Test Disk 1 does not provide Persistent Reservations support for the mechanisms used by failover clusters. Some storage devices require specific firmware versions or settings to function properly with failover clusters. Please contact your storage administrator or storage vendor to check the configuration of the storage to allow it to function properly with failover clusters

Not seeing anything in PetaSAN logs. Here's some interesting output from dmesg:

[14352.489656] PR register with aptpl unset. Treating as aptpl=1
[14352.492348] PR register with aptpl unset. Treating as aptpl=1
[14352.495207] PR register with aptpl unset. Treating as aptpl=1
[14498.661779] PR register with aptpl unset. Treating as aptpl=1
[14498.661783] PR info not present, initializing
[14498.668197] PR register with aptpl unset. Treating as aptpl=1
[14498.686007] PR register with aptpl unset. Treating as aptpl=1
[14499.411722] PR register with aptpl unset. Treating as aptpl=1
[14499.431857] PR register with aptpl unset. Treating as aptpl=1
[14499.435080] PR register with aptpl unset. Treating as aptpl=1
[14499.446180] SPC-3 PR: Attempted RESERVE from iqn.2018-03.net.testing.internal:bd-e7k-hv-cn1,i,0x3430303030313337,iqn.2018-05.net.testing.internal:00001,t,0x1 while reservation already held by iqn.2018-03.net.testing.internal:bd-e7k-hv-cn2,i,0x3430303030313337,iqn.2018-05.net.testing.internal:00001,t,0x2, returning RESERVATION_CONFLICT
[14499.446456] SPC-3 PR: Attempted RESERVE from iqn.2018-03.net.testing.internal:bd-e7k-hv-cn1,i,0x3430303030313337,iqn.2018-05.net.testing.internal:00001,t,0x1 while reservation already held by iqn.2018-03.net.testing.internal:bd-e7k-hv-cn2,i,0x3430303030313337,iqn.2018-05.net.testing.internal:00001,t,0x2, returning RESERVATION_CONFLICT
[14499.474500] PR register with aptpl unset. Treating as aptpl=1
[14499.482617] SPC-3 PR: Attempted RESERVE from iqn.2018-03.net.testing.internal:bd-e7k-hv-cn2,i,0x3430303030313337,iqn.2018-05.net.testing.internal:00001,t,0x1 while reservation already held by iqn.2018-03.net.testing.internal:bd-e7k-hv-cn1,i,0x3430303030313337,iqn.2018-05.net.testing.internal:00001,t,0x1, returning RESERVATION_CONFLICT
[14499.490455] PR register with aptpl unset. Treating as aptpl=1

Let me know what other info might help here.

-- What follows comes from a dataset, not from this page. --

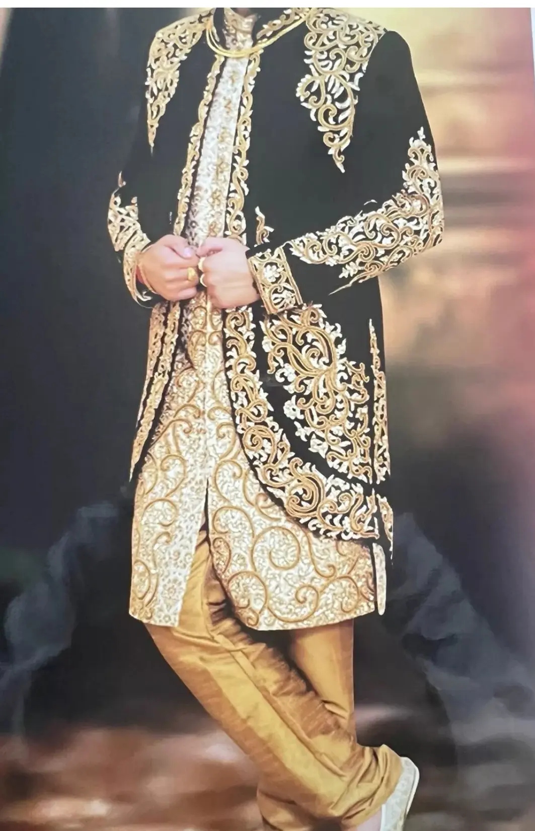 Asian men's wedding sherwani in burgundy and gold. The outfits has intricate embroidery, luxurious fabrics, and ornate details. The combination of burgundy and gold exudes elegance and is a popular choice for special occasions like weddings.

We do support Persistent Reservations and do pass both the Win 2012 R2 and Win 2016 storage and pr tests.

From the error it appears PetaSAN thinks there is an existing reservation on the disk but the Windows cluster does not. Maybe it could have been due to the Windows cluster being completely shutdown and restarted, though in our tests if we shutdown the entire Windows cluster in will "pre-empt" any existing reservation and starts over without issue.

It is possible to manually clear the reservation yourself as per   https://docs.microsoft.com/en-us/powershell/module/failoverclusters/clear-clusterdiskreservation?view=win10-ps

I would be interested to know what steps you did to get this error.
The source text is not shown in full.